Superfund Research Program
Research Translation Core
Project Leader: Martyn T. Smith
Co-Investigator: Lisa Alvarez-Cohen
Grant Number: P42ES004705
Funding Period: 2006-2022
Project-Specific Links
Final Progress Reports
Year: 2016 2010
Overall goals
Investigators are working with a wide variety of external audiences and partners to enhance the integration of important findings from the Superfund Research Program into public policy and the transfer of technology. Specific goals are:
- To engage stakeholders in non-governmental organizations and community-based organizations in ways that increase the availability of relevant scientific findings and knowledge;
- To increase the transfer of scientific findings and understanding to government agencies in ways that enhance their capacity; and
- To increase the capability to use engineering strategies developed through research in the real world through "scaling."
Important accomplishments so far:
- Successful and influential engagement in policy discussions in numerous topics at the state and national levels.
- Creation of pathways for research translation for both state and federal environmental protection and public health agencies.
- Numerous partnerships with non-governmental and community-based organizations.
Accomplishments for the last year
Engineering
The engineering component of this Core explores how research results are scaled from simple laboratory systems to more complex field sites undergoing remediation. Laboratory studies in beakers can be used to investigate fundamental principles in biology and chemistry, but additional processes must be included when models and experiments are conducted in small field experiments that include more realistic subsurface and geometric conditions.
During this year, their focus has been on radionuclide migration at the Savannah River Site in South Carolina. This facility produced nuclear materials for defense applications and generated significant chemical and radionuclide wastes. Fission products from nuclear fuel rods were released as aqueous wastes into disposal pits that rapidly traveled through the subsurface to become springs releasing contaminants into surface waters. The contaminants of interest include tritium, iodine-129 and technetium-99, along with nitric acid as a co-contaminant that mobilized the radionuclides through the subsurface sand aquifers.
Their efforts are testing a conceptual model that the waste solutions were sufficiently high in salts that the density was greater than the ambient groundwater leading to density-driven flow and emplacement into less permeable parts of the aquifer. The contaminants are predominately dissolved in the water, but even though water flow from the disposal pond to the springs took less than ten years, 25 years after waste disposal stopped, contaminants continue to be present in the groundwater. The slow recovery is attributed to a secondary source of contamination from the emplaced waste brines slowly leaking into the aquifer.
They are working with remediation managers to acquire additional data to test their hypothesized explanation and establish conditions at other field sites where this mechanism should be considered.
They continue to demonstrate that laboratory analysis and long-term field monitoring data can quantify dominant transport pathways and evaluate the effectiveness of remedial approaches.
Health sciences
The Core worked to increase the preparation of government agencies and the non-governmental sector for the coming transition in chemicals management. One aspect is to define normative aspects of chemicals policy, specifically the attributes of chemicals that should be considered in making decisions, whatever methods are used. This was reflected in the provisions to identify “hazard traits” in the California green chemistry legislation. Investigators have worked with the implementing agency at the California Environmental Protection Agency on the draft regulations for this, and rules are being proposed this week.
Investigators completed an analysis of the elements of chemicals policy with regard to children’s health protection, considering both international and U.S. national contexts. This will be submitted for publication shortly.

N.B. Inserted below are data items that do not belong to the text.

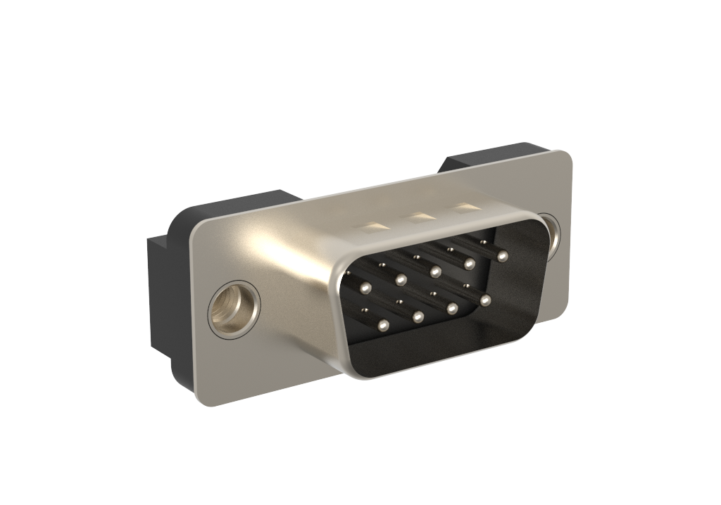 Dsub, Stamped Signal 3A, Straight PCB Thru Hole, High Temp Std Density, H=6.02mm (0.237in), 09 Pin, Bright Tin Shell+Grounding Dimples, Flash Gold, 4-40 Threaded Boardlock, Plastic Tray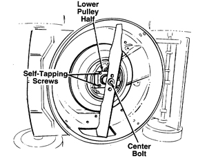 With the baffle and belt covers removed you now have access to the blade adapter and drive pulley. You will need to remove the belt that connects them and then take the blade adapter off of the crankshaft.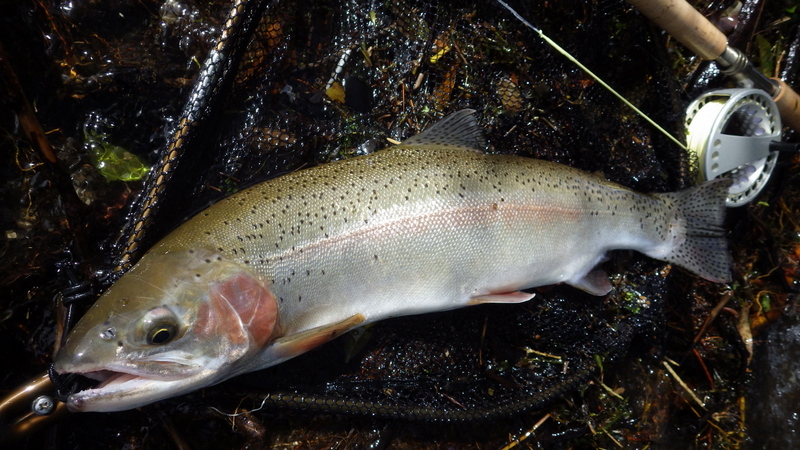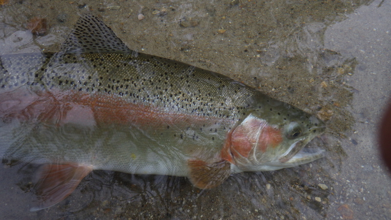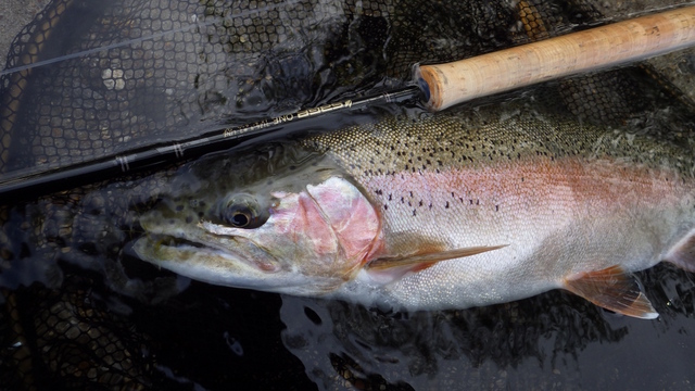 先週まではレインボーオンリーで1日2~3本だけど、このスポットで釣れればサイズはほぼ50cm以上で安定していた。今週末の釣行では久々にブラウンが混じったり、レインボーは42~45cmくらいのが多くなって、サイズにばらつきが出てきたりと状況が変化してきたようだ。でもバイトはかなり増えて、魚の活性は上がってきているように感じる。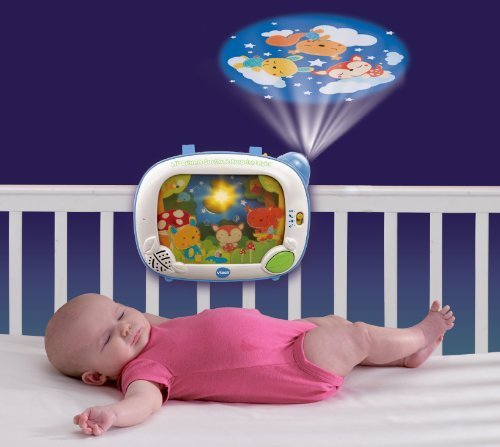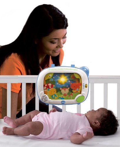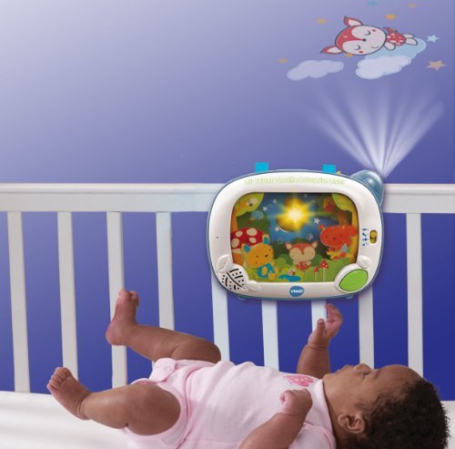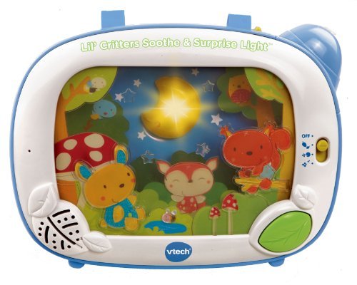 The Lil' Critters Soothe and Surprise Light by VTech sends your baby off to sweet dreams. Gentle nature sounds and music from the soothing night light calm your baby, while two peaceful animal images project on the ceiling to provide visual stimulation and comfort. For relief during the night, a soft crib light creates more than 10 glowing patterns and animal images, and when your baby cries, this baby crib light's built-in sensor activates calming sounds and melodies. The music player soothes your baby to sleep with over 65 soothing lullabies, nursery rhymes, melodies and nature sounds. Program the music in 10, 20, or 30 minute intervals using the time selector switch. It's off to dream land with your Lil' Critters!.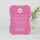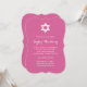 Esta invitación a Bat Mitzvah es rosa brillante y está decorada con el tipo de cinta y la Estrella de David. Es fácil de personalizar; sin embargo, si se necesita ayuda o si se necesitan elementos de coordinación adicionales, simplemente contacte con nosotros en prettyfancyinvites@gmail.com con su solicitud.

The Core has worked on identifying and disseminating approaches to address scientific findings relevant to children’s environmental health, holding a workshop in 2009. This has led to additional collaborations with the Pediatric Environmental Health Specialty Units and other partners. Moreover, the SRP investigators are involved in the children’s environmental health centers funded at UC Berkeley by NIEHS and EPA, and efforts are underway to coordinate research translation activities. Co-leader Kyle was appointed by US EPA Administrator Lisa Jackson to the federally chartered Children's Health Protection Advisory Committee (CHPAC) and has been appointed to chair a work group on prenatal exposures. SRP research will be included in that analysis.
The Core continues to work with US EPA and other parties on issues related to cumulative impacts. Kyle participated in the US EPA research symposium on Disproportionate Impacts in March 2010 and on a panel with US EPA at the American Public Health Association in November 2010.
What they plan to do next
The Engineering investigators plan to complete the Savannah River project and to expand the work to additional sites. The Health Sciences component plans to complete work on the prenatal work group for the CHPAC and to continue to work to develop research translation projects and tools related to research advances on children’s environmental health.